The influence of the initial pH on tartrazine photocatalytic degradation (C_TAR = 20 mg/L, C_catalyst = 0.1 g/L).

Kinetics of Tartrazine Solar Photocatalytic Degradation

The kinetics of photocatalytic degradation of tartrazine can be depicted using the first-order equation given by following equation [12, 14]:

$${\text{ln}}\left( {\frac{{{{C}_{0}}}}{{{{C}_{t}}}}} \right) = {{k}_{{{\text{app}}}}}t,$$

(2)

where k_app is the pseudo-first-order rate constant (min^–1); C₀ is the initial concentration; C_t is the concentration of tartrazine at time t (min).
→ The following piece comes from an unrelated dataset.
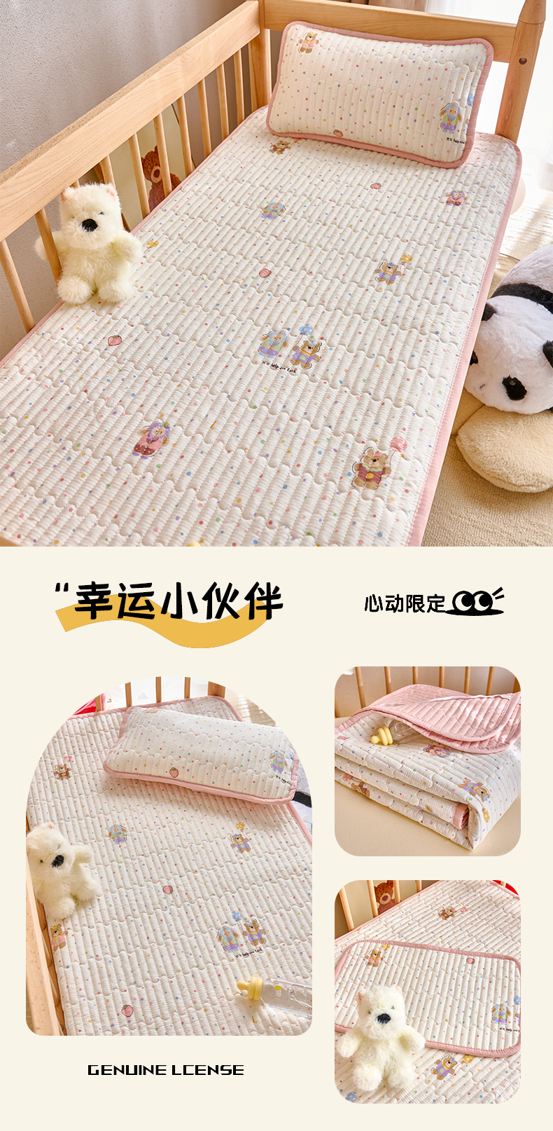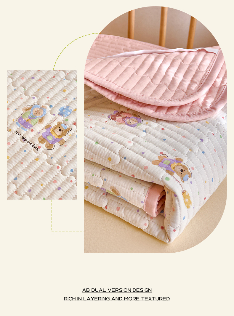 • 91家纺网 家纺一手货源 找家纺 X猫先生 2025新款全棉双层纱婴幼儿童床盖夹棉床单睡垫薄床垫子母婴级 幸运小伙伴

The half-life time (t_1/2) of the photodegradation process is given as:

$${{t}_{{1/2}}} = \ln 2{\text{/}}{{k}_{{{\text{app}}}}}.$$

(3)

The apparent rate constant k_app and R² were calculated from the linear plot ln(C₀/C) vs. irradiation time (t) as shown in Fig. 12. With an increase in tartrazine concentration from 20 to 100 mg/L, the degradation rate constant decreases from 0.014 to 0.009 min^–1 and the half-life time (t_1/2) increases from 49.28 to 76.66 min when the value of TAR was increased from 20 to 100 mg/L. Consequently the pseudo first-order kinetic can really be used to describe the photodegradation of tartrazine onto the TiO₂/ZnAL-LDH catalyst in agreement with similar works [3, 4, 13].

Fig. 12.

ln (C_t/C₀) vs. time for different initial dye concentration (10, 20, 40, 60, 80, and 100 mg L^–1), with C_catalyst = 1 g/L, and free pH 6.
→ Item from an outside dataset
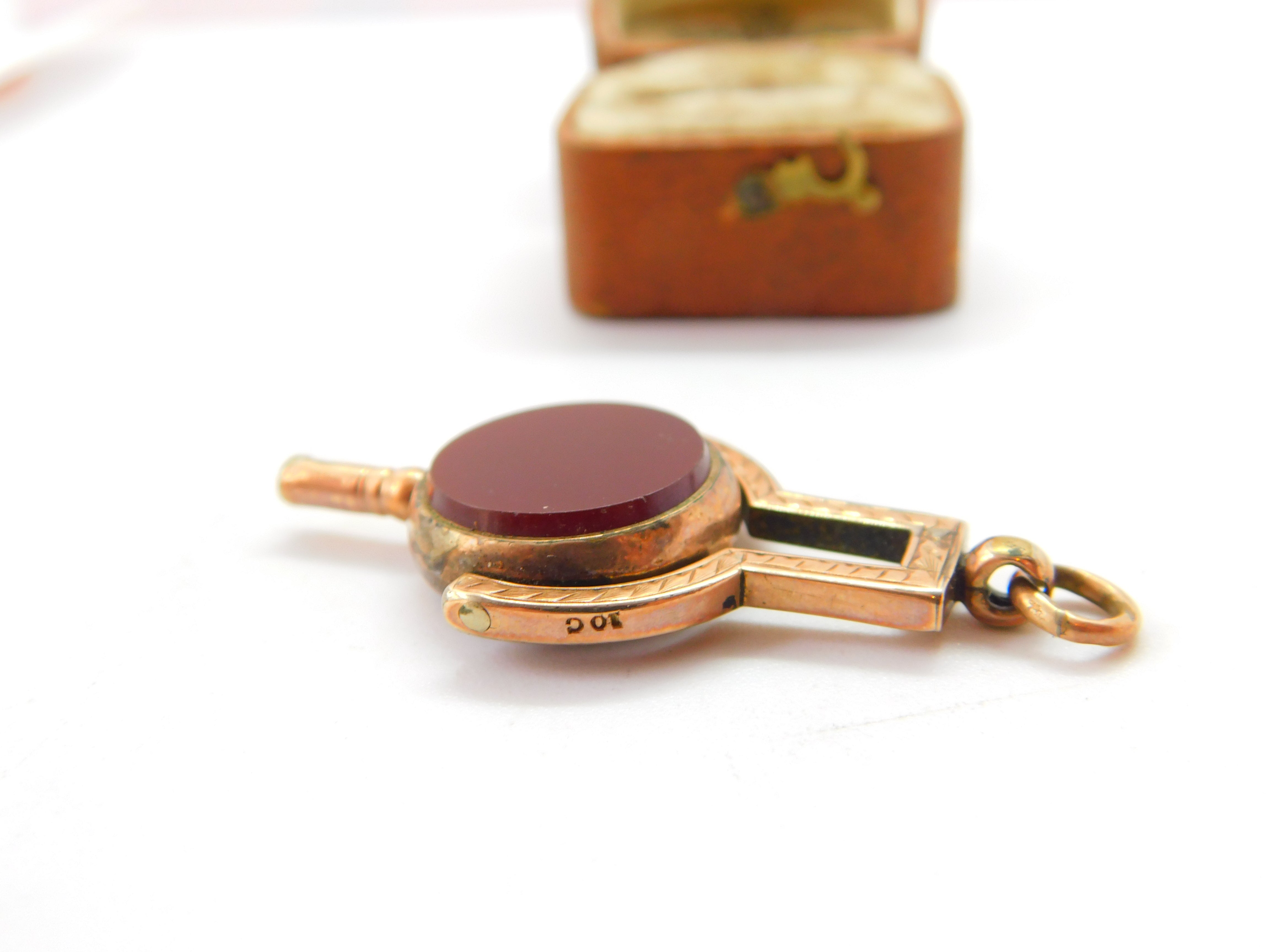 Details: A fantastic and wonderfully designed antique Victorian 10ct gold watch key spinner fob set with bloodstone and carnelian hallmarked '10ct' to the edge c1900. This is a wonderful item that would make a perfect gift or addition to any collection. The BOX pictured is for PRESENTATION ONLY and is NOT included in the listings but used to frame the pictures unless specifically stated otherwise.

Recyclability of TiO₂/ZnAl-LDH Catalyst

The reusability of TiO₂/ZnAl-LDH catalyst in the photodegradation of TAR (C_TAR = 20 mg/L) at free pH 6 was also studied under sunlight conditions over the course of 120 min (Fig. 13). The photocatalyst in any run was collected, washed with distilled water, dried and then used in a new experiment. The reduction in the activity (4%) of reused catalyst after 5 cycles may result from fouling of the photocatalyst due the deposition of hydroxide radicals on the surface of the catalyst. It result that the catalyst maintained good photodegradation capacity after fifth treatment cycles. This observation can be explained by the high stability of TiO₂–HDL catalyst, while its surface remained resistant to agglomeration or sintering under the stated experimental conditions. These results are in agreement with the results of DRX and FTIR obtained previously.

Fig. 13.

Photodegradation of tartrazine over six catalytic cycles in sunlight (C_TAR = 20 mg/L, C_catalyst = 0.1 g/L, and free pH 6).
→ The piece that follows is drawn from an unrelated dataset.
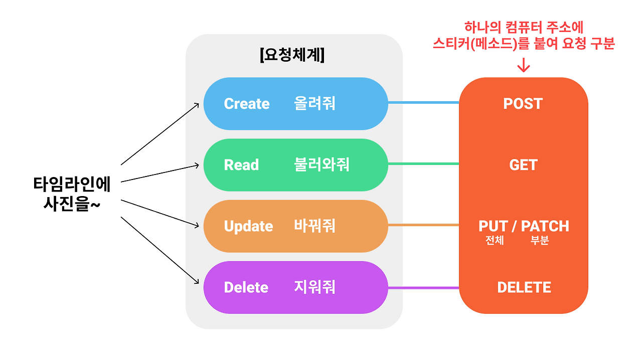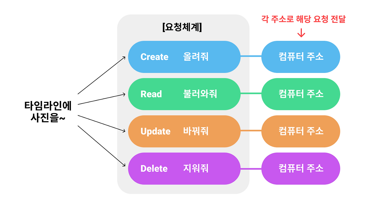 하나의 요청당 CRUD 4개의 주소를 각각 가지고 있다. 그런데 규모가 커질 경우 이렇게 각각의 주소를 가지면 문제가 생긴다. 주소가 너무 많아진다는 점이다. 주소가 많아지면 혹시나 주소가 겹쳐 혼선이 생길 수도 있고 관리하기가 어려워진다. 그래서 답답한 개발자들이 이 문제에 대한 방법을 고민했고, 요청 체계를 더 체계적으로 관리하기 위해 만들어진 것이 RESTful API라고 한다. (참고로 RESTful은 절대 규칙이 아닌 유명한 체계이다.)

Mineralization of Tartrazine Dye by COD Analysis

Chemical oxygen demand (COD) experiment was carried out at fixed time (120 min), catalytic dosage (0.1 g/L), and concentration of dye (20 mg/L). The values of COD were found to be reduced from 103 mg/L initial COD of TAR dye to 34 mg/L at the final experiments, and the percentage of mineralization is 66.99%. Similar results was also observed by Tayeb et al. [2].

CONCLUSIONS

The present work reported the development of TiO₂ immobilized on a layered double hydroxides (LDH) materials by co-precipitation method and their application for degradation of tartrazine using solar irradiation. The results show that TiO₂/ZnAl-LDH exhibited good photocatalytic activity with a degradation of 82% for tartrazine at free pH 6 has been found within 120 min under solar irradiation. It can be concluded that TiO₂/ZnAl-LDH is a stable, robust, effective, recyclable, and separable photocatalyst for dye removal. Thus, it is a promising material for environmental remediation.